Specific research emphases of the five faculty members in the concentration include: analysis and testing, software understanding, empirically-guided analysis, environments, software architectures, hypermedia, workflow, user interface software, process, formal methods, specification languages, extensible component-based software systems, distributed event-based systems, and programming languages and their implementation. Research projects undertaken by the faculty and graduate students receive financial support from the Defense Advanced Research Projects Agency (DARPA), the National Science Foundation (NSF), the Air Force Office of Scientific Research (AFOSR), and the State of California, among others. A valuable and unusual feature of the concentration is the opportunity to work with the Software group's industrial partners. These companies provide opportunities for internships, support research projects, and provide a test-bed for evaluation of new ideas. Graduates of the program have taken careers in research universities, industrial research laboratories, colleges, and industry.
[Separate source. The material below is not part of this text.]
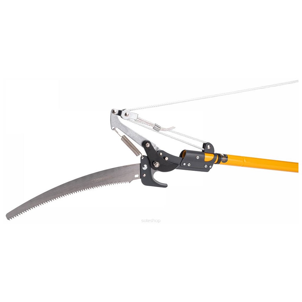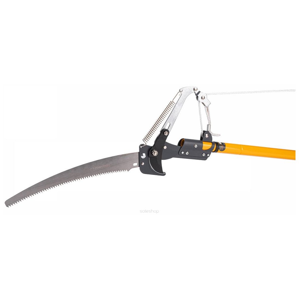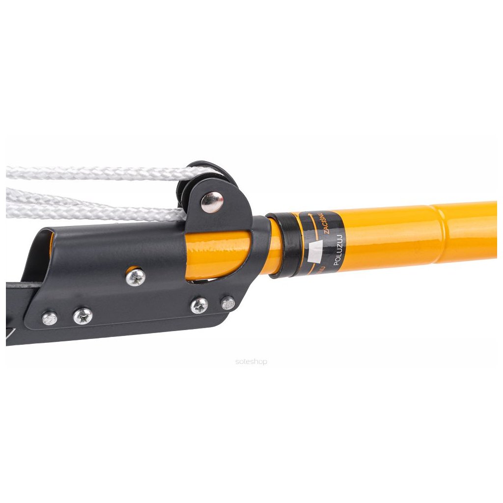 Díky pásovému mechanismu dosahujeme maximální řezné síly při minimální síle. Zahradnické nůžky se aktivují zatažením za lano s připevněnou rukojetí. Nůžky umožňují montáž na dlouhé rameno nebo tyč, takže dosáhnete opravdu vysoko.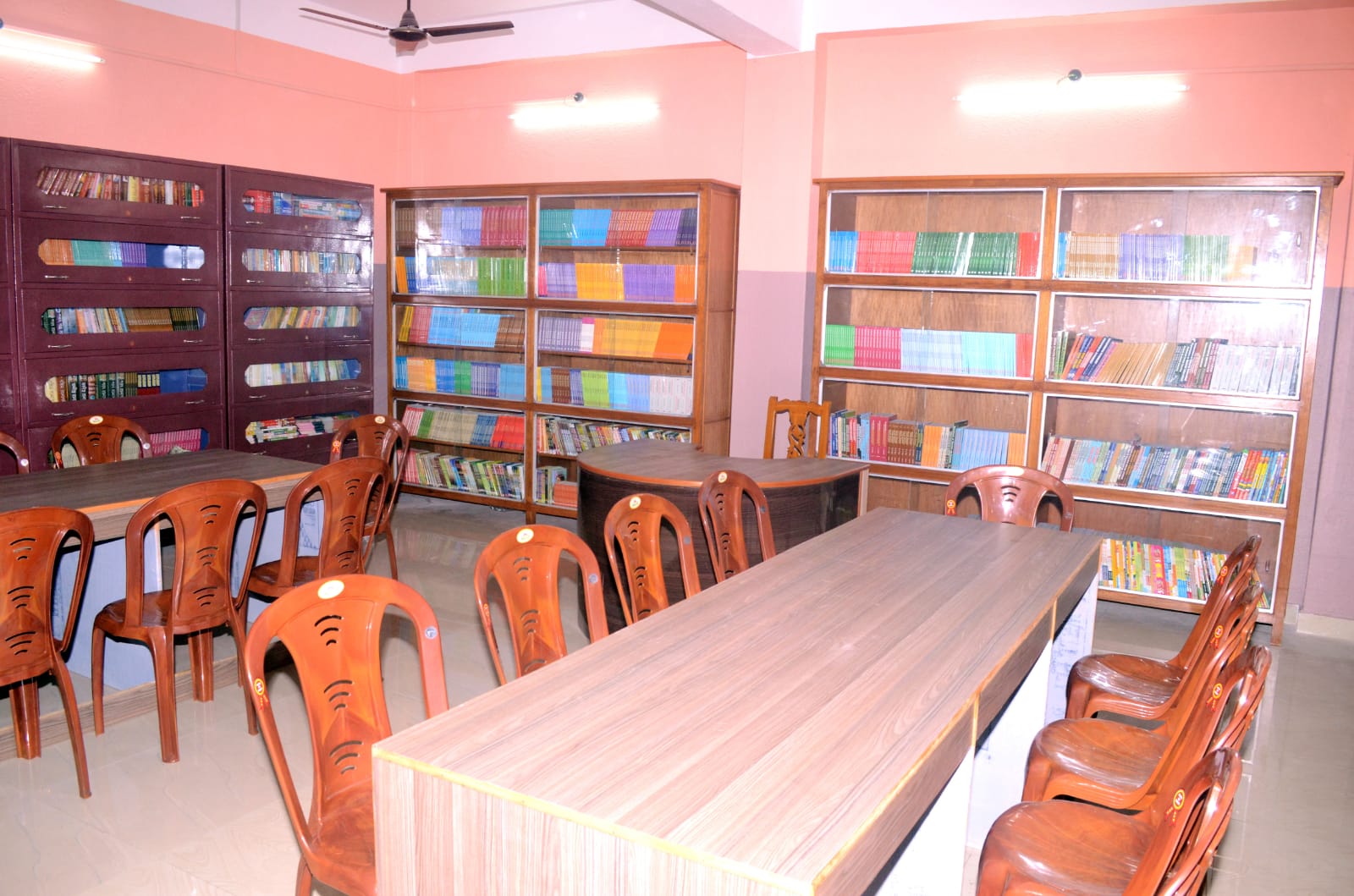 Well equipped, computerized LIBRARY with more than1800 titles and 6000 books. Seating cum reading space for more than 50 students. Library is well maintained and managed by qualified and experienced Librarian and Assistant. Every year new titles both curricular and co-curricular are added to the library. The college welcomes subscription to all new referred journals related to education and school subjects. Computer with WIFI internet facilityand books are available for ready reference by both the faculty and student- teacher.

Background: Students must have basic competency in the following computer science topics: programming language concepts, data structures, analysis of algorithms, automata theory or formal languages, artificial intelligence, computer architecture, and operating systems. The software faculty will evaluate, upon entry to the Ph.D. program, whether a student has satisfied these requirements through courses taken previously (e.g., at the undergraduate level) or through equivalent experience. Satisfaction of any unfulfilled requirements may be achieved through either graduate or undergraduate classes in an individualized program worked out with a software area graduate advisor.
Required Courses
The following courses must be completed with a grade of B or better: Seminar in Research in ICS (ICS 200); Software Engineering (ICS 221); at least three quarters of Seminar in Software (ICS 229); three courses from: Formal Methods in Software Engineering (ICS 222), Software Analysis and Testing (ICS 224), Software Processes (ICS 225), Software Measurement (ICS 226), User Interfaces and Software Engineering (ICS 227), Software Environments (ICS 228); two other courses from the Software area (ICS 220-228, including ICS 280s taught by Software area faculty); and four graduate courses outside of Software, drawn from a list maintained by the faculty (for M.S. students pursuing the thesis option, two of the three courses must be substituted with two four-unit courses in Thesis Supervision, ICS 298).
Paper Requirement for the Ph.D. Degree
Each student must write a survey paper with an extensive bibliography and a research paper of publishable quality.